Compreende-se que o tempo em que os grandes intelectuais, poetas e pensadores europeus faziam escola e criavam movimentos culturais relevantes à mesa do café já lá vai. Compreende-se que é hoje preciso chegar junto do público para o “puxar para cima”, mas, com a crise, o problema está agora em como fazer isso e com que dinheiro.
Esta é claramente uma questão polémica e, talvez até mesmo insolúvel, um pouco à semelhança do dilema do ovo e da galinha. Alguns argumentam que os subsídios à cultura serão sempre um encargo, uma vez que muitas actividades culturais não geram nem nunca virão a gerar qualquer retorno financeiro significativo. Outros, por sua vez, afirmam que a contribuição das artes e da cultura é do domínio imaterial – estariam assim em causa coisas tão importantes como a socialização e a participação cívica consciente e responsável, o sentimento de pertença e de reforço de identidades colectivas, a regeneração e a revitalização urbanas – e, por isso, deve ser apoiada e incentivada por si mesma.

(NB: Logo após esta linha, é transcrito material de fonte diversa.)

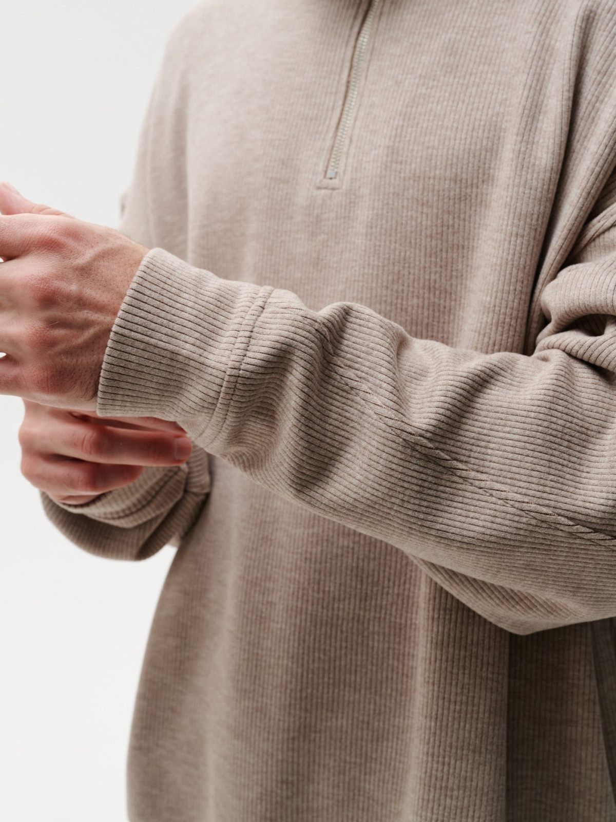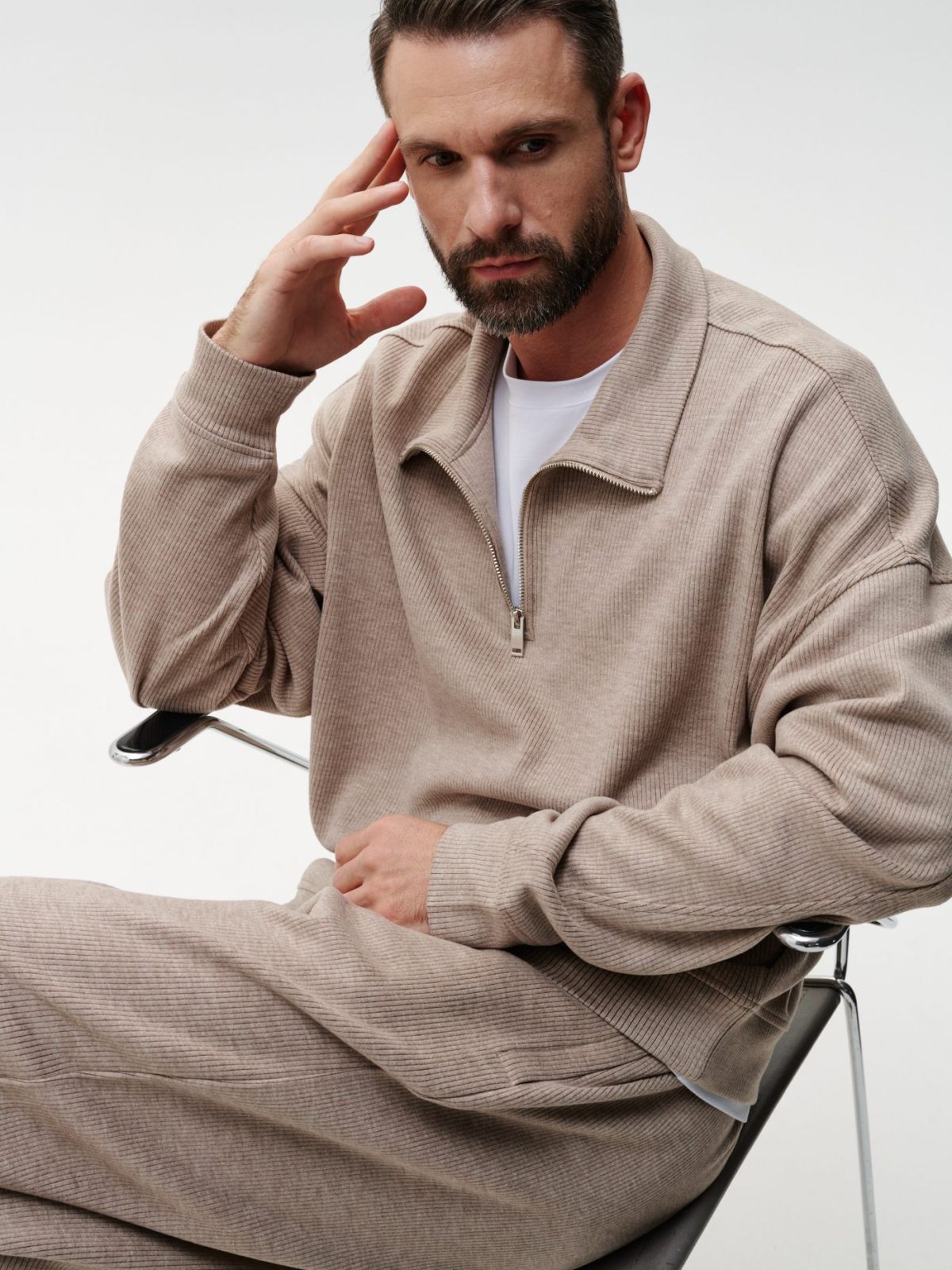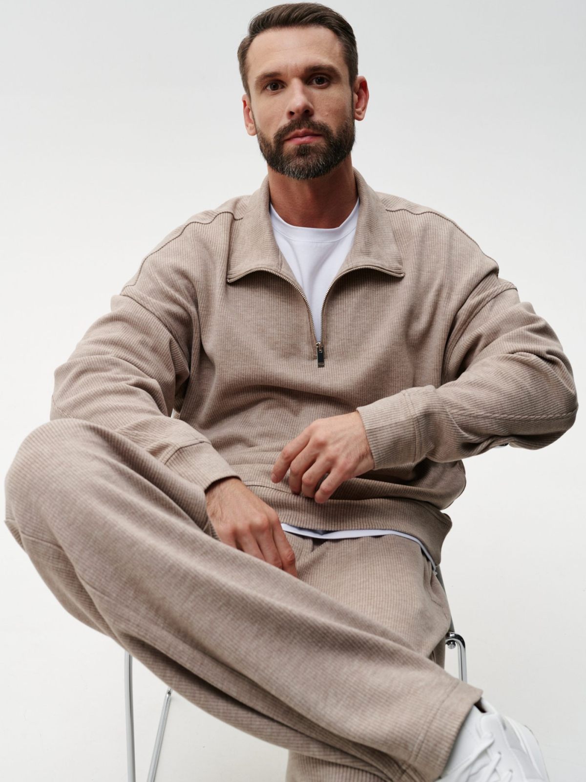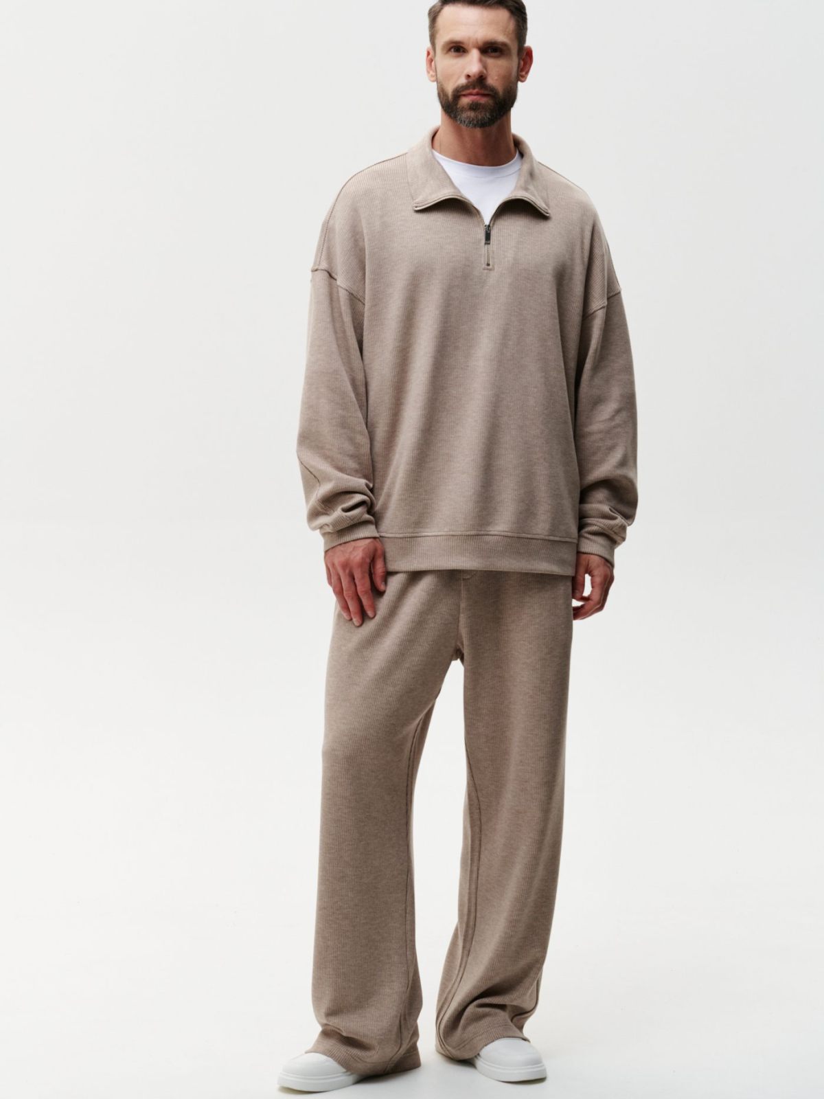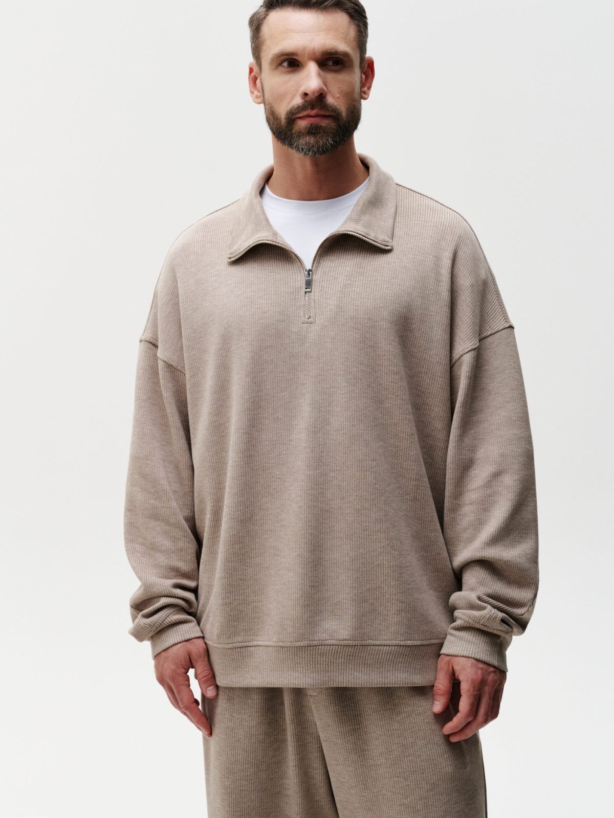 Джемпер "Миша" свободного кроя с воротником-стойкой на молнии из коллекции Softwear выполнен из материала, в составе которого, преимущественно, вискоза и нейлон, за счет чего материал гладкий и приятный на ощупь, слегка тянется, но при этом выглядит фактурно. Расслабленный силуэт, спущенное плечо, дизайнерские линии по длине рукава, классический цвет полностью отражают эстетику коллекции Softwear. На спине сзади расположена лаконичная тональная вышивка с логотипом бренда. К джемперу в ассортименте представлены брюки "Эхо" 2M4SW84W. Невероятно комфортный, мягкий и стильный костюм на каждый день. Важно: материал имеет низкую пиллингуемость, но частое соприкосновение с аксессуарами может привести к образованию пилли.

Certo, certo, é que a ministra da cultura não tem tarefa fácil e, no actual estado da arte governativa e económica do país, corre mesmo o risco de ser apenas uma figura decorativa à frente de um ministério que, para além de sair caro em termos de manutenção, também não produz nada de muito relevante e, ainda por cima, alimenta uma verdadeira corte de gente (especialistas, técnicos, programadores e pseudo criadores) que, à pala da cultura e das artes, também não faz lá grande coisa.